Journey to the borderlands of Turkey, Greece and Bulgaria
William Armstrong - email@example.com
Bulgarian border police patrol alongside a barbed wire fence on the Bulgaria-Turkey border, near the town of Lesovo. AFP photo‘Border: A Journey to the Edge of Europe’ by Kapka Kassabova (Granta, 379 pages, £15)
When Kapka Kassabova was growing up in Sofia, Bulgaria was on the frontline of the Cold War - the cut-off line between the Warsaw Pact countries of the Soviet bloc and NATO members Greece and Turkey. At the point where the Mediterranean and Balkan currents meet, the borderlands of Bulgaria, Greece and Turkey have for centuries been a place of migration, ethno-religious mixing and bloodshed.
“Border: A Journey to the Edge of Europe” mixes memoir, travelogue and history. Kassabova, a poet and travel writer who today lives in Scotland, visits “the forbidden places of my childhood, the once-militarized border villages and towns, rivers and forests that had been out of bounds for two generations.” She wonders what it takes “to dwell in a borderland so infused with ancient and modern myth.”
Kassabova travels around in an old Renault, uncovering surprising stories, sensitive to the many ironies in “the last outpost of Europe.” Back in the Cold War years, “the Turks were nervous about the Soviets and the Greeks, the Greeks were nervous about the Soviets and the Turks, and the Bulgarians were nervous about everyone,” she writes. “[It was] a military buffer zone for half a century ... the point where one ideology stopped and another began.”

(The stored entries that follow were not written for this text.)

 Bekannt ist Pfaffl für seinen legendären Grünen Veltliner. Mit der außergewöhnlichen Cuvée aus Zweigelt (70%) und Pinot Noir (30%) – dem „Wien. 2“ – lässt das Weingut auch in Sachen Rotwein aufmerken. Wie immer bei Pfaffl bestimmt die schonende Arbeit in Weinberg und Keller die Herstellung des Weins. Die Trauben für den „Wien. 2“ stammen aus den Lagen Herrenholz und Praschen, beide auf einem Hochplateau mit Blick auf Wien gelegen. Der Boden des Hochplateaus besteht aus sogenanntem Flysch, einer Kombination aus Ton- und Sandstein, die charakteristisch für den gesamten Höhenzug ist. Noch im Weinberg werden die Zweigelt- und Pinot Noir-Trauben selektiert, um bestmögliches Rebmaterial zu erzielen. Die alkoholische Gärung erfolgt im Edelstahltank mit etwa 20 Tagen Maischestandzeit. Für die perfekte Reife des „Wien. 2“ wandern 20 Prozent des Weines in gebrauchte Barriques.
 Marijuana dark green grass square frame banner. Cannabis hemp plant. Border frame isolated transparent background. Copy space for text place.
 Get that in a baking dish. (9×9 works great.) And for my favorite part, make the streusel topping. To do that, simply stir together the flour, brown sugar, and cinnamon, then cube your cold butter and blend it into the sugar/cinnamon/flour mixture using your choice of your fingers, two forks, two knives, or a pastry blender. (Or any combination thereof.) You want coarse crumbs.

The border was deadly. But it had a deceptively friendly reputation for being much easier to cross than the Berlin Wall. Thousands of fugitives headed to it from across Eastern Europe to escape from Bulgaria to Greece and Turkey. The topography of the border was falsified on GDR-made maps to confuse people, and hundreds were shot there over the course of the Cold War. Hundreds of others escaped.
In one haunting chapter, Kassabova writes about a forested area between Greece and Bulgaria full of trees bearing initials carved by people trying to flee. “When you tuned in, you could almost hear them whispering,” she writes. “The most heavily carved decades were the 1940s, the decade of war and starvation for Greece, and the 1990s, the decade of paupery and starvation for Bulgaria. In between were the deadly 1950s, 1960s, 1970s, and 1980s of the Iron Curtain.” Such was a system “where the real enemy was not abroad, but inward.”

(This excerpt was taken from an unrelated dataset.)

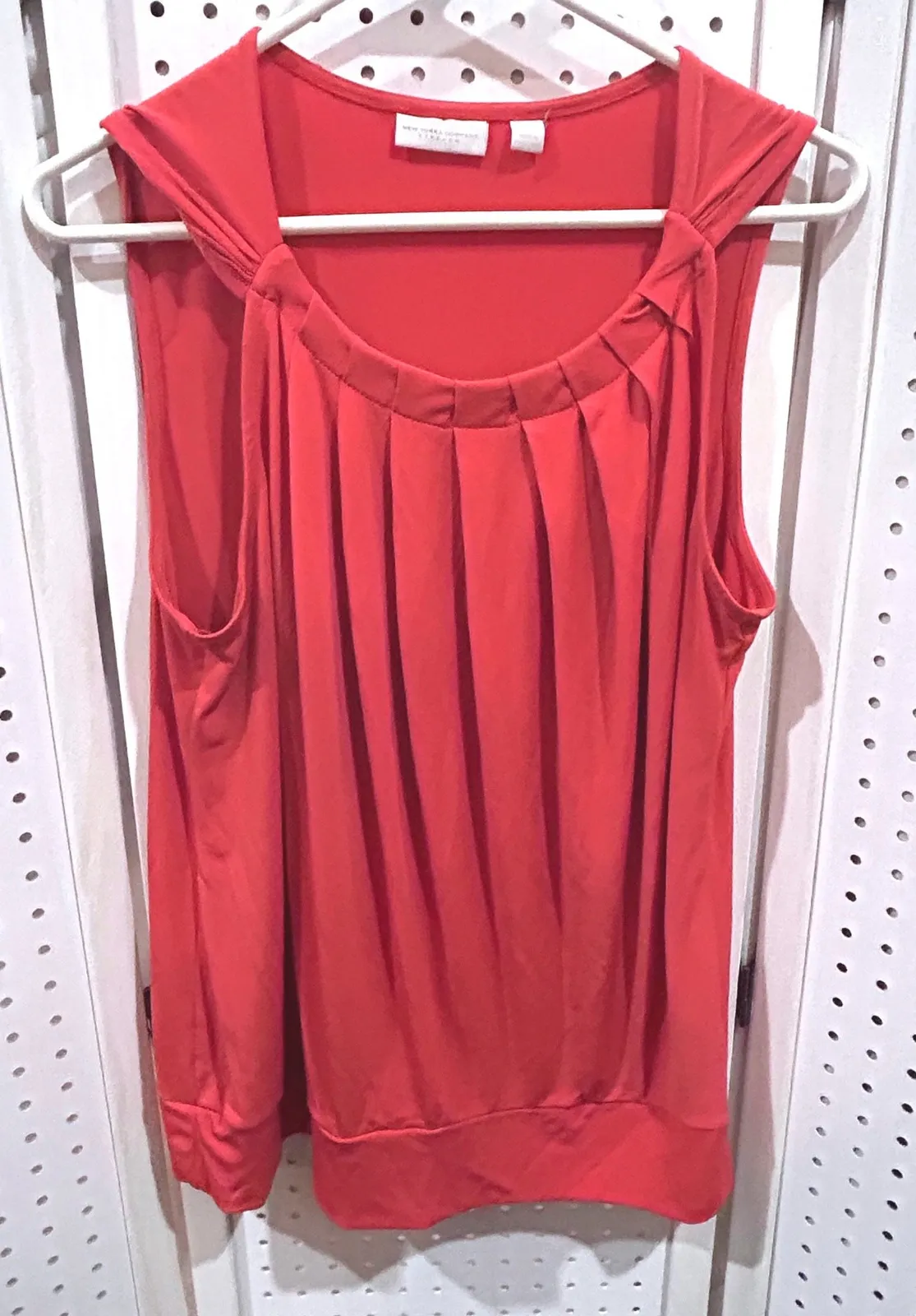 Excellent item! New York & Company coral sleeveless tank top. This flattering top features a gathe... Show more

Of course, the region remains a crossroads today. It is a gateway for refugees heading in the other direction from Syria and Iraq, and there is now a huge “security wall” on the Bulgaria-Turkey border. “The corridors used in the Cold War remain the same. Only the direction of travel has changed,” writes Kassabova.
Expulsions and exodus have a long heritage in the Balkans. The Balkan Wars of 1912-13 saw the Ottoman Empire lose its last territories in Europe, prompting an exodus of Muslims from their ancestral homes. Muslims were forced out of Bulgaria, Macedonia, Bosnia-Herzegovina, Albania and Serbia, with most ending up in Turkey. Millions of today’s Turkish citizens are their ancestors. A decade later, after the Turkish War of Independence, 1.5 million Greeks headed west, while 400,000 Greek Muslims headed the other way (and Greece simultaneously expelled half a million Bulgarian speakers). Centuries of coexistence were obliterated as hard, blood-soaked borders were thrown up.
The steady unravelling of complex ethnic tapestry has proceeded sporadically to today. Almost 100 years after the Balkan Wars, around 350,000 Turkish-origin Bulgarian citizens were effectively expelled from Bulgaria in summer 1989. This peacetime ethnic purge was based in an “asinine anachronism, invoking the ghost of ‘the Turkish yoke,’” Kassabova writes, “families, futures, and sometimes bodies were broken by their own state.” In a bitter irony, the expulsion took place just months before the Berlin Wall came down and the Cold War was suddenly over, making it “a last cretinous crime of twilight totalitarianism.” Perhaps the largest movement of people in Europe since World War II, it is today barely remembered outside Turkey. Kassabova manages to track down many survivors of this exile, who still have warm memories and maintain human contact with their old life across the border. They are, she writes, the last remaining “odd ragged bits of a once-rich human tapestry.”
A recurring theme in “Border” is that this is a land of deep-rooted ancient rituals. The few decades of communism was just a brief interruption. An “undercurrent of mysticism” remains stubborn. In the Strandja, the mountainous forested region of the Bulgarian-Turkish border, even Christianity is just “a fig leaf for a primal spiritual practice.”
A few decades of Soviet social engineering, Kassabova writes, “had made [people] scared and suspicious, but the land’s mysteries were still there. They spoke to those who could tune in.” She certainly can, and it makes for a splendid book.